Posted on:2009-07-27Degree:Ph.DType:Thesis
University:Stanford UniversityCandidate:Liang, Tzu-ChenFull Text:PDF
GTID:2441390005953136Subject:Applied mechanics
Abstract/Summary:
This thesis studies chaotic mixing induced by microfluidic channels and builds the relation between it and the cutoff phenomenon in finite Markov Chains. We develop a topology optimization methodology for optimizing the shape of pressure-driven microfluidic channels to maximize the passive mixing rate of advected tracers. The optimization procedure uses a relaxation of Stokes flow by allowing a permeable structure and the objective can be a function of either the fluid velocity field or the particle map from inlet to outlet. We present two new channel designs, one that is an optimized version of the herringbone mixer of Stroock et al., and one that mixes more quickly by using a fully 3-D structure in the channel center.

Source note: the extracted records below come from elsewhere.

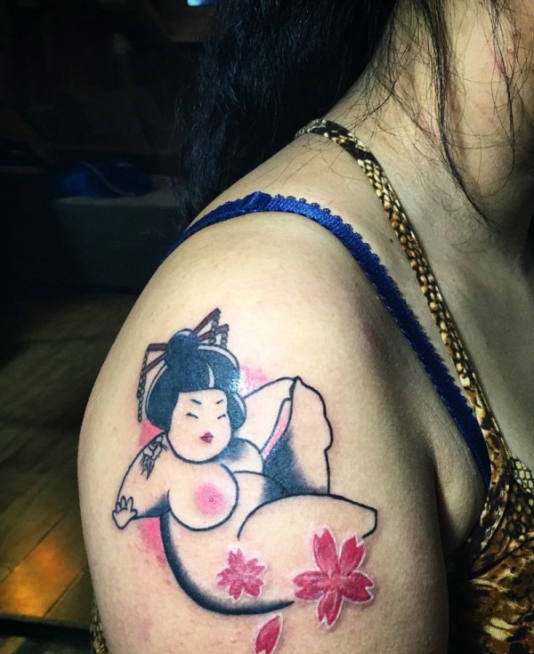 大臂一枚日式胖妹子纹身图片性感邪恶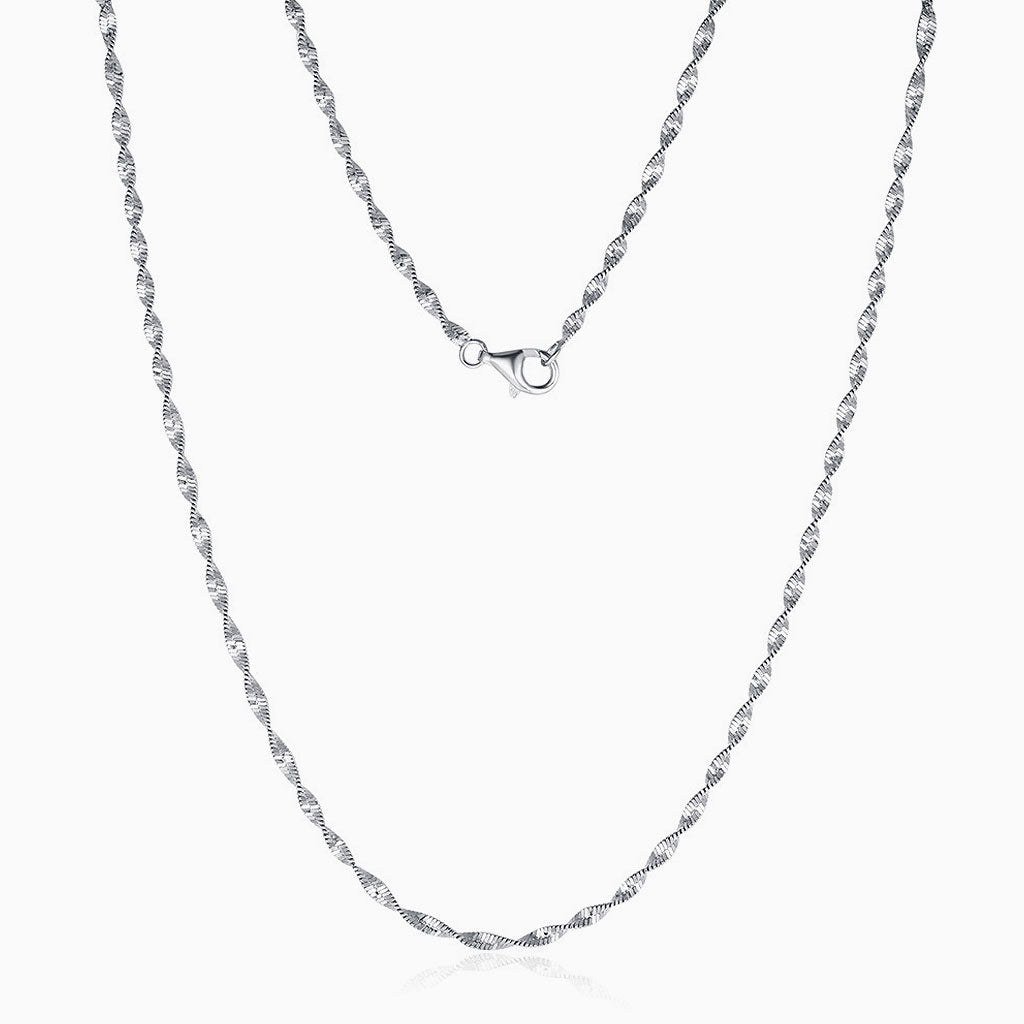 Shimmer and shine with elegance wearing our Singapore chain necklace. Plated in rhodium. this dazzled designer chain link necklace exudes a captivating brilliance. Its intricate Singapore chain design adds a touch of sophistication to any ensemble. whether worn alone for understated allure or layered for a more dynamic look.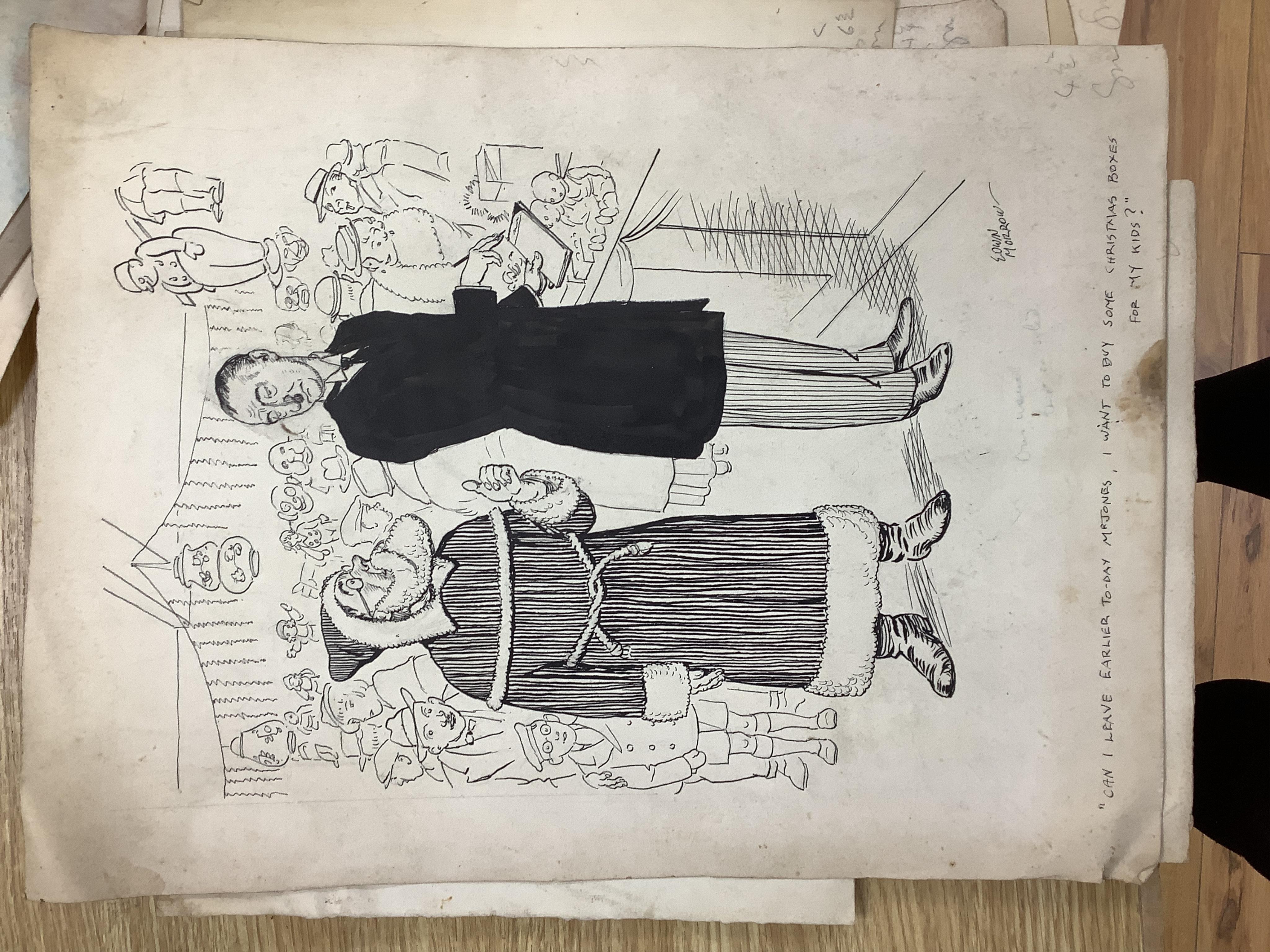 Only two George Morrows, each 34x49cm. 37 cartoons by Edwin. "Due to past issues with items being damaged in transit, we regret to inform you that we are unable to offer packing and posting services on picture lots in this sale. This is non-negotiable. Picture lots must be collected in person, or external packing companies can be recommended. Thank you for your understanding."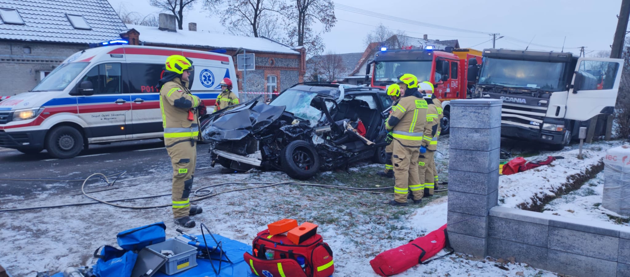 17 grudnia br. o godzinie 9. do Stanowiska Kierowania Komendanta Powiatowego PSP wpłynęło zgłoszenie o wypadku samochodu osobowego z cysterną do przewożenia mleka w miejscowości Niemczyn.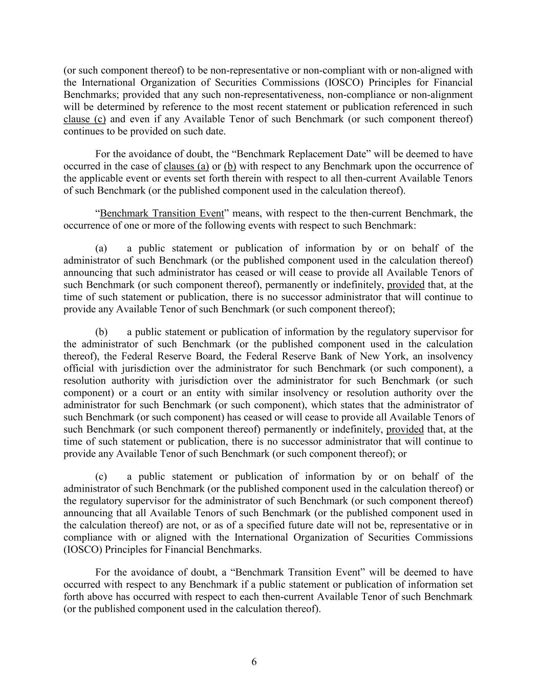 (or such component thereof) to be non-representative or non-compliant with or non-aligned with the International Organization of Securities Commissions (IOSCO) Principles for Financial Benchmarks; provided that any such non-representativeness, non-compliance or non-alignment will be determined by reference to the most recent statement or publication referenced in such clause (c) and even if any Available Tenor of such Benchmark (or such component thereof) continues to be provided on such date. For the avoidance of doubt, the “Benchmark Replacement Date” will be deemed to have occurred in the case of clauses (a) or (b) with respect to any Benchmark upon the occurrence of the applicable event or events set forth therein with respect to all then-current Available Tenors of such Benchmark (or the published component used in the calculation thereof). “Benchmark Transition Event” means, with respect to the then-current Benchmark, the occurrence of one or more of the following events with respect to such Benchmark: (a) a public statement or publication of information by or on behalf of the administrator of such Benchmark (or the published component used in the calculation thereof) announcing that such administrator has ceased or will cease to provide all Available Tenors of such Benchmark (or such component thereof), permanently or indefinitely, provided that, at the time of such statement or publication, there is no successor administrator that will continue to provide any Available Tenor of such Benchmark (or such component thereof); (b) a public statement or publication of information by the regulatory supervisor for the administrator of such Benchmark (or the published component used in the calculation thereof), the Federal Reserve Board, the Federal Reserve Bank of New York, an insolvency official with jurisdiction over the administrator for such Benchmark (or such component), a resolution authority with jurisdiction over the administrator for such Benchmark (or such component) or a court or an entity with similar insolvency or resolution authority over the administrator for such Benchmark (or such component), which states that the administrator of such Benchmark (or such component) has ceased or will cease to provide all Available Tenors of such Benchmark (or such component thereof) permanently or indefinitely, provided that, at the time of such statement or publication, there is no successor administrator that will continue to provide any Available Tenor of such Benchmark (or such component thereof); or (c) a public statement or publication of information by or on behalf of the administrator of such Benchmark (or the published component used in the calculation thereof) or the regulatory supervisor for the administrator of such Benchmark (or such component thereof) announcing that all Available Tenors of such Benchmark (or the published component used in the calculation thereof) are not, or as of a specified future date will not be, representative or in compliance with or aligned with the International Organization of Securities Commissions (IOSCO) Principles for Financial Benchmarks. For the avoidance of doubt, a “Benchmark Transition Event” will be deemed to have occurred with respect to any Benchmark if a public statement or publication of information set forth above has occurred with respect to each then-current Available Tenor of such Benchmark (or the published component used in the calculation thereof). 6
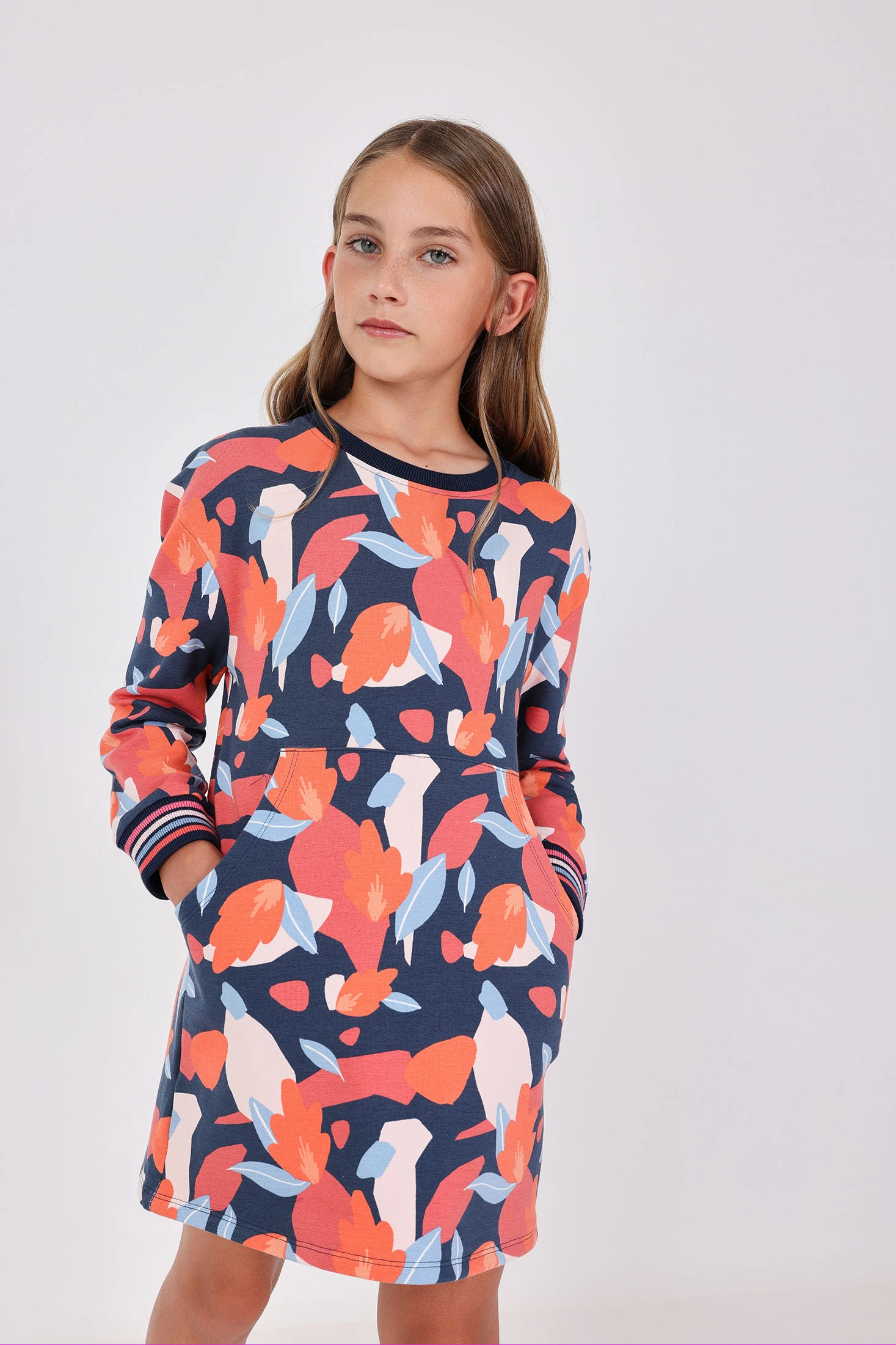 Robe en molleton pour fille avec un charmant motif floral dans des tons bleus, idéal pour les saisons d'automne et d'hiver. Fabriquée avec un tissu de molleton doux, elle offre chaleur et confort, parfaits pour toute occasion. Conçue avec un col rond et des manches longues, elle assure un ajustement confortable et élégant. Disponible en tailles de 2 à 14 ans, elle peut être facilement associée à des collants ou des leggings pour un look complet et moderne lors des jours les plus froids. Pensée pour les mères et pères qui apprécient le style et la praticité dans l'habillement quotidien de leurs filles.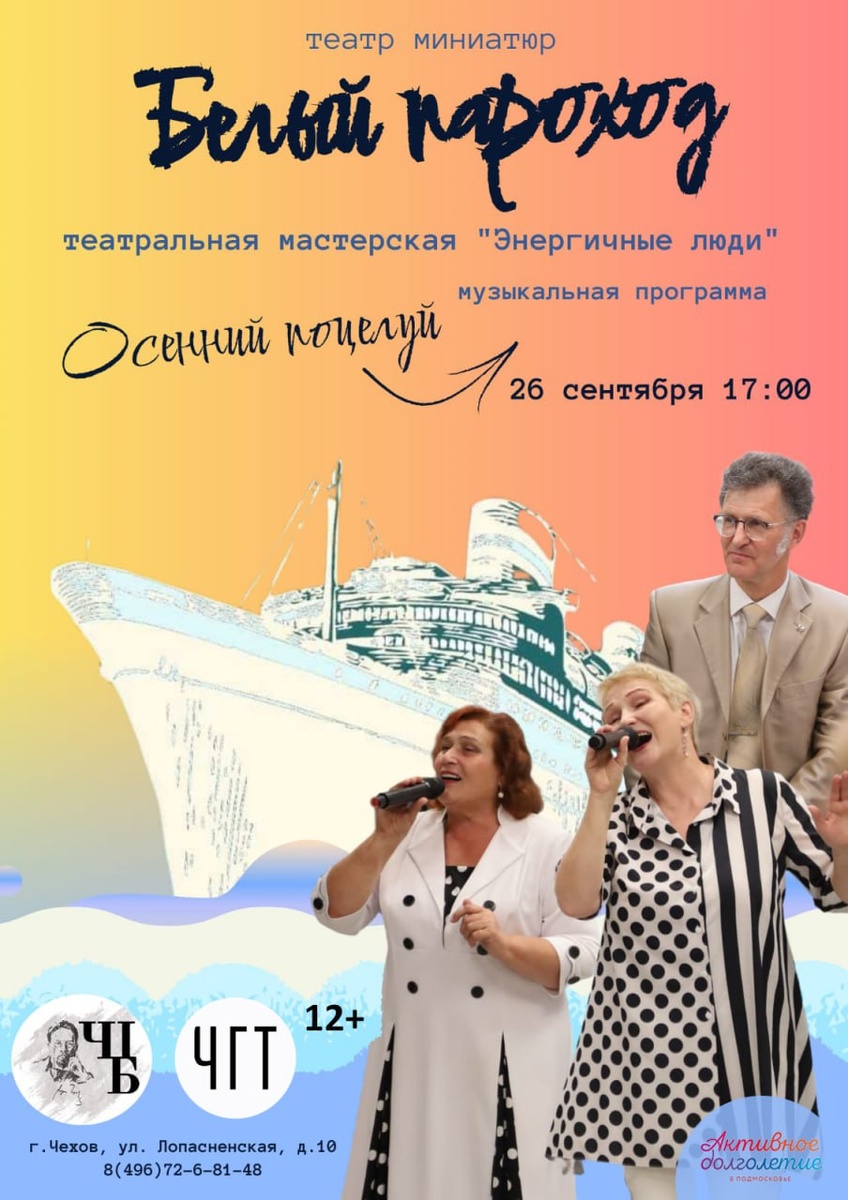 ✨ Лирический концерт «Осенний поцелуй» 🎶Театр миниатюр «Белый пароход» и творческая мастерская «Энергичные люди» выступят перед зрителями в Центральной библиотеке 🌸Прозвучат песни и стихи о любви, осени и теплых воспоминаниях о лете. 🚫 Возраст: 12+ 📆 26.09.2025 🕛 17:00 🏢 Центральная библиотека 📍 г. Чехов, ул. Лопасненская, д.10 🪙 Вход свободный❗️ ⭐Поддержать канал голосом ✅ Мероприятия Чехов https://dzen.ru/id/66cc4b48e9ef144699238a51 http://vk.com/chekhov_events http://dzen.ru/chekhov_events
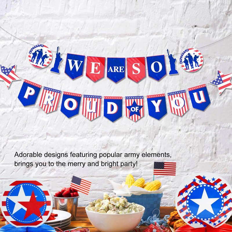 LanttAotte We Are So Proud of You Banner Army Party Decorations US Navy Military Welcome Home Decor Police Birthday/Retirement Party Banner Graduation Decorations Class of 2024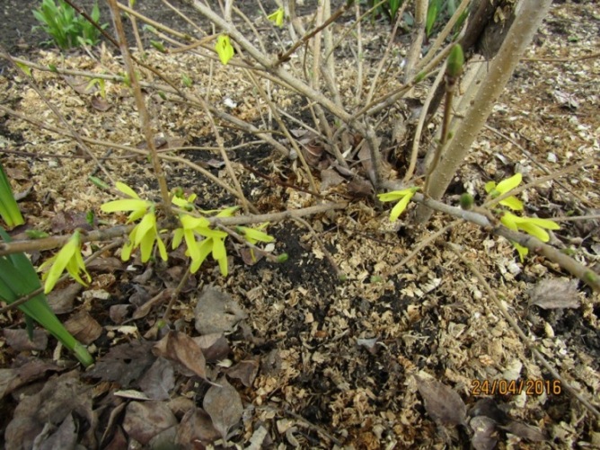 Я тоже думаю - форзиция. На Урале три вида форзиций выживают. Теперь у меня их два, давно есть два кустика с мелкими цветками, но там такая мерзляка, каждый год половина веток вымерзает. А тут такая мощь зацветает. Радует кустик, не все так грустно в жизни! Я спрашивала про свой клематис, мне повторили все то , что вы мне тут написали и ...пожали плечами. Ну и ладно, растет, цветет и ладно!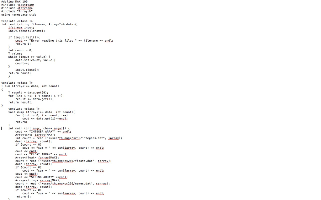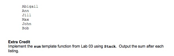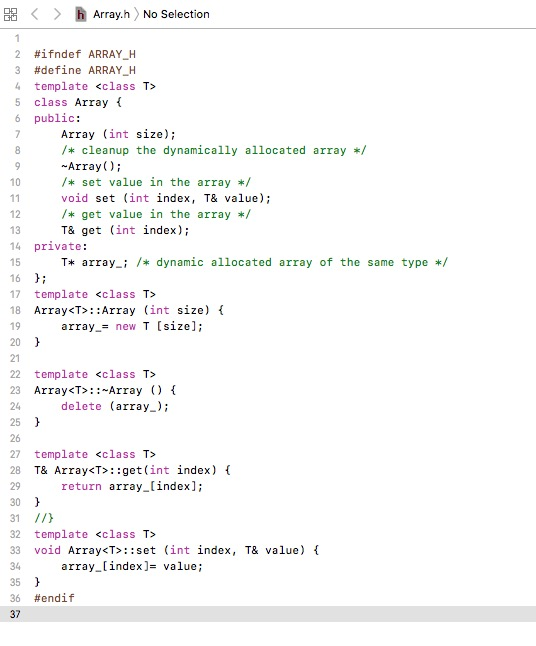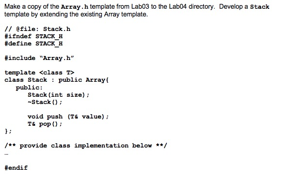 Make a copy of the Array.h template from Lab03 to the Lab04 directory. Develop a Stack template by extending the existing Array template. // file: Stack.h #ifndef STACK H define STACK H include “Array . h” template <class T> class Stack : public Arrayf public Stack (int size) Stack ( void push (T& value); T& pop ); /**provide class implementation below** #endif Show transcribed image text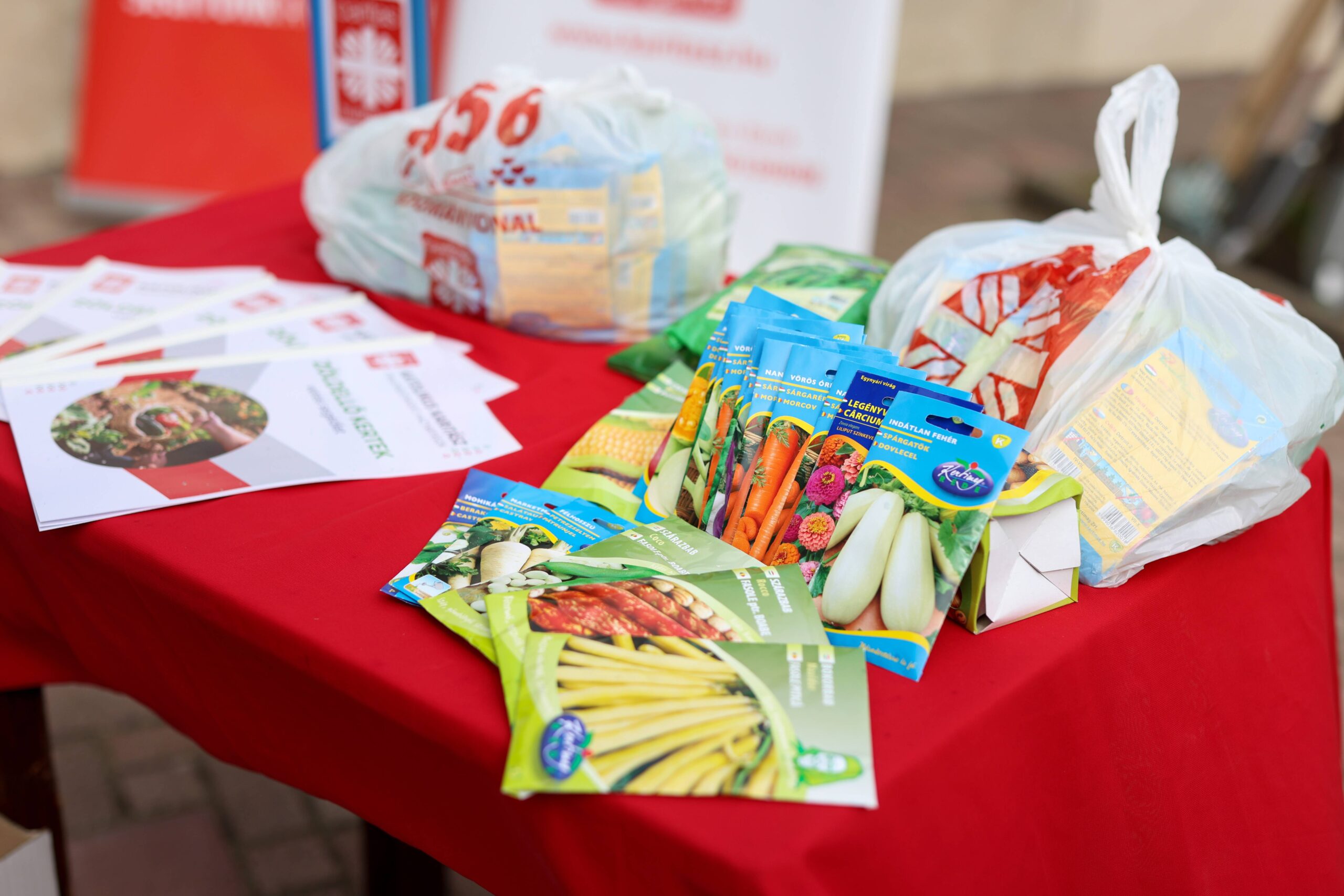 A kiosztott csomagokban helyet kapott többek között paradicsom, sárgarépa, zöldborsó, dughagyma, étkezési szárazbab, uborka, cékla, karalábé, hónapos retek, sütőtök, kétféle zöldbab, spenót, fejessaláta is, emellett a keretek díszítésére virágmagokat is kapnak a családok.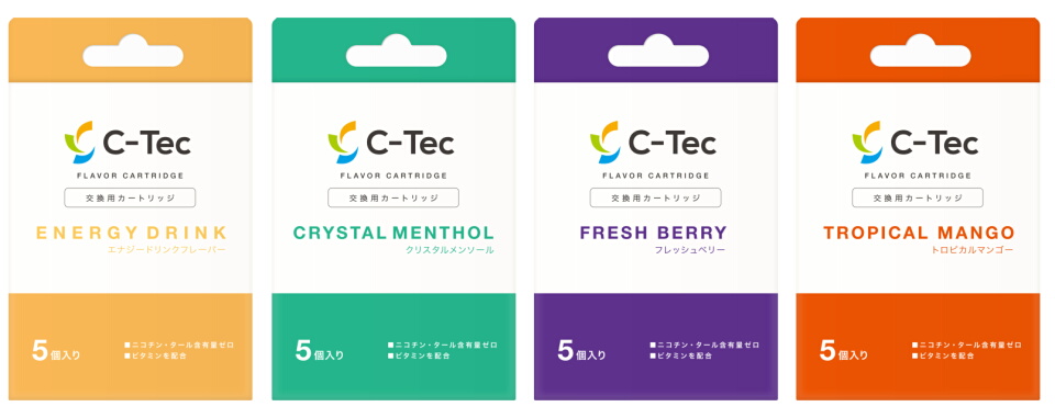 スターターキットにフレーバーカートリッジ(エナジードリンクフレーバー)が1個同梱しますが、追加の「C-Tec 交換用フレーバーカートリッジ」は4月上旬発売予定です。

These channels deliver approximately 30% and 60% reductions in the 90% mixing lengths. To compare our numerical simulations to experiments we approximate the inlet-outlet particle map by a Markov Chain and show that this cheaply approximates the true stochastic map.; We then numerically study the decay of the variance of a passive scalar function advected by the Standard map when the diffusion goes to zero. The Markov Chain model we developed for microfluidic mixing channel simulation is applied here with very high resolution (up to 6.4 x 109 states) to approximate near-zero diffusion. Our numerical evidence shows the mixing trajectories of the Standard map can be characterized by using the cutoff phenomenon for finite Markov Chains.; In the last part of this thesis, we apply the definition of the cutoff phenomenon to the study of the evolution of a probability density function by 1-D chaotic maps. A new object called a stochastic symbol sequence is developed to prove that for a set of initial distributions, the total variation versus iteration curves present cutoffs. Moreover, we can generate a set of initial probability distributions such that when evolved by chaotic maps, they present the same limit behavior as the cutoff sequences found in specific finite Markov Chains. The results can be applied to any 1-D chaotic map which has full symbolic dynamics.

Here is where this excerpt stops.